A section of North Tonawanda’s waterfront will soon be transformed into new office space for a multi-million-dollar philanthropic organization.
The East Hill Foundation, run by the family of Wilson Greatbatch, the inventor of the pacemaker, will shift its offices from Akron and Williamsville to a single locale along River Road.
On Monday, members of the foundation and politicians met inside a building that has served as the Island Street Boatyard for some years.
With a distinct hole already dug out in the center of the building and the standard gold-colored shovels in place, the ground-breaking officially launched the venture, which is set for completion by January.
And when it is finished, officials say the project will represent another step forward for North Tonawanda’s ever more ambitious development goals.
Ami Greatbatch, vice president of East Hill, said it has been a dream of hers to bring the organization to the shores of the city where she grew up.
While the foundation is involved with a plethora of worthy causes, the initial plan is to offer organizations the opportunity to learn grant-writing initiatives, which Greatbatch said will leave them with the tools to reign in their own funding rather than simply relying on a one-time donation, making the foundation “a catalyst for change.”

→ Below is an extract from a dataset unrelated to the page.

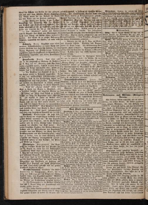 — Der Schah von Persien ist am 8. Aag. Vormiliags von Laxenburg über den Brenner und Brindisi nach Konstantinopel abgereist. Der Kaiser vetabschiedele sich in Laxenburg von dem ⸗ selben und begleitete ihn bis zu dem Bahnhofe.

“It will teach them to fish rather than give them fish to eat,” Greatbatch said.
The idea has been in the works for several years while planners say they had to circumvent zoning laws and other bureaucratic processes. Now that’s those hurdles are nearing an end, construction to revamp the future office building is next, before staff members take their positions inside the finished product.
The foundation will also become more accessible to a variety of organizations, most notably including the Buffalo Niagara Riverkeeper, which has already been allowed access to the property for tours of the waterfront.
But in addition to that, East Hill will also be putting a focus on the Tonawandas in large part due to its closer proximity and the family’s connection to the community.
Kenneth J. Dulian, 34, who is Greatbatch’s son and the project manager for the sustainable funding initiative, graduated from North Tonawanda High School in 1997.
He will be a key figure in the foundation’s community outreach efforts and has a slate of plans including environmental initiatives, a focus on the waterfront and a direct connection to the many not-for-profits serving the region — all ideas he sees as being important to the next generation of philanthropists.
Dulian said giving non-profits the ability to better conduct their funding initiatives has proven to bring in three times the resources that one-time donations typically would, which is part of the reason it will be a central focus of the foundation.
The foundation, which has been in existence for more than 25 years, has already dabbled with the concept, with plans to expand it next year.
Dulian said plans are also in the works to use the property, which includes a towering life-sized lighthouse, for special events and other gatherings.
“We look forward to bringing that to the community,” he said.